How do you treat a splenic abscess?

A

splenectomy and abx

65
Q

When does OPSI usually occur?

A

within the first 2 years post-splenectomy

66
Q

Who is at greatest risk of getting OPSI?

A

Postsplenectomy sepsis is greatest in patients with underlying hematologic conditions. The risk in children is higher than in adults. Sepsis is seen particularly in children younger than 15 years of age, mostly in those younger than 5.

67
Q

In pts w/ G6PD def, what are some triggers for anemia?

A

Infection is common.
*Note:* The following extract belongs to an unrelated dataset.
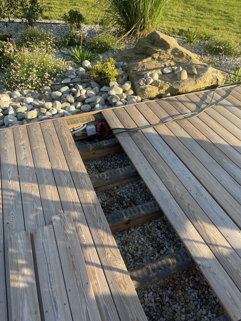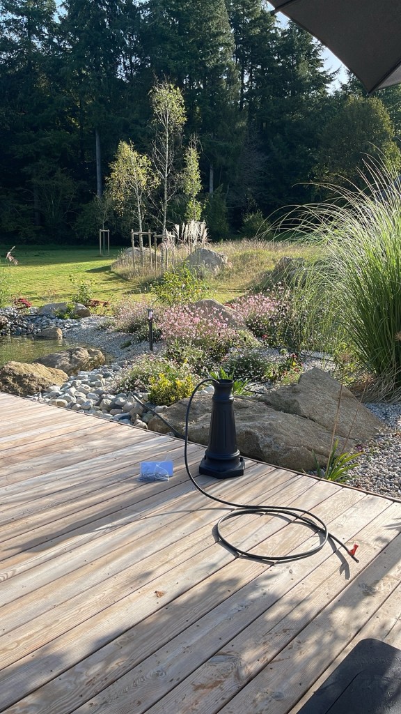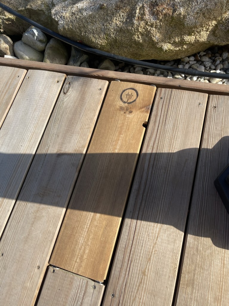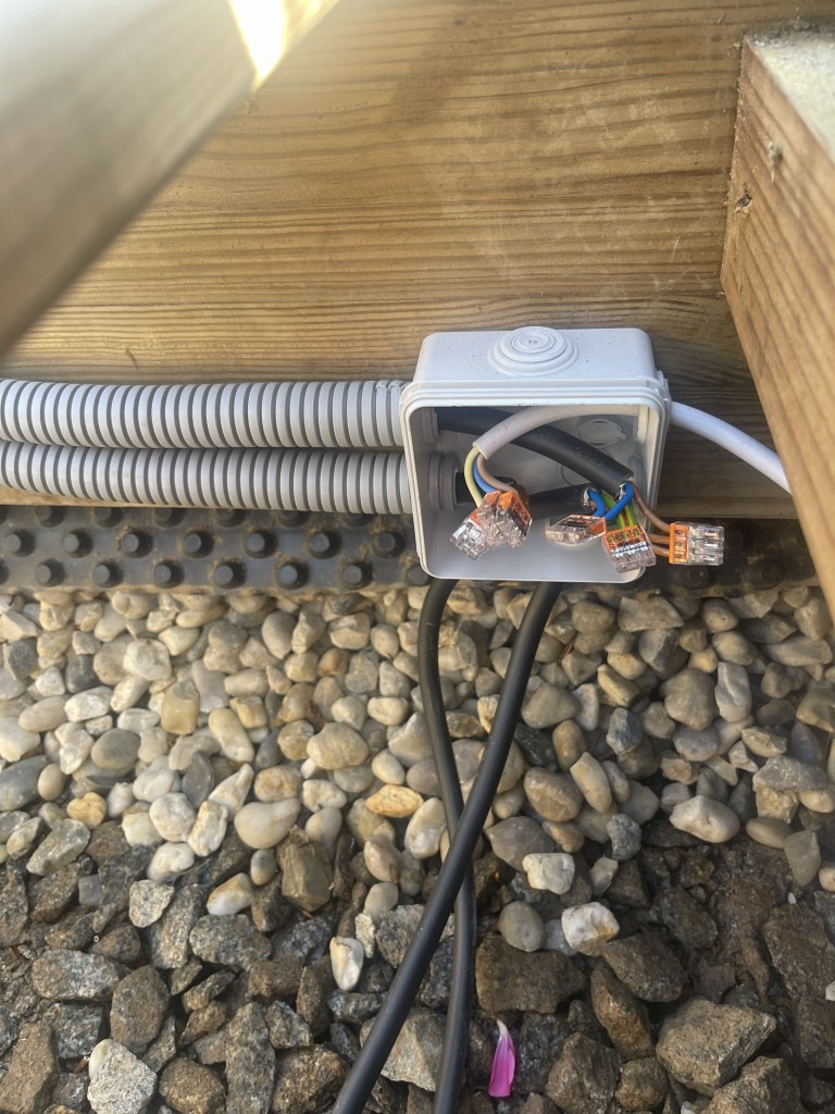 Après la pose des luminaires autour du bassin, nous avons mis en place les éléments pour la terrasse: bandeau de Led, deux lampadaires et un bloc de prise… pas grand chose finalement, mais des postures souvent peu confortables pour tous fixer sous les lattes de bois.

Also sulfonamides, fava beans, antimalarials, and nitrofurantoin.

68
Q

Hypotension, abdominal tenderness, and splenomegaly are common symptoms of what process?

A

Hypersplenism

69
Q

After partial splenectomy, at what portion of remaining spleen can function be expected to be maintained (not requiring postop vaccination)?

A

Splenic function is preserved in patients with more than one-third of the spleen remaining.

70
Q

What initial tests are helpful in determining accessory/remnant spleen in patients s/p splenectomy who have recurrent symptoms?

A

Radionucleotide imaging and blood smear.
Expect to see spleen tissue in hilum and lack of Howell-Jolly bodies on blood smear.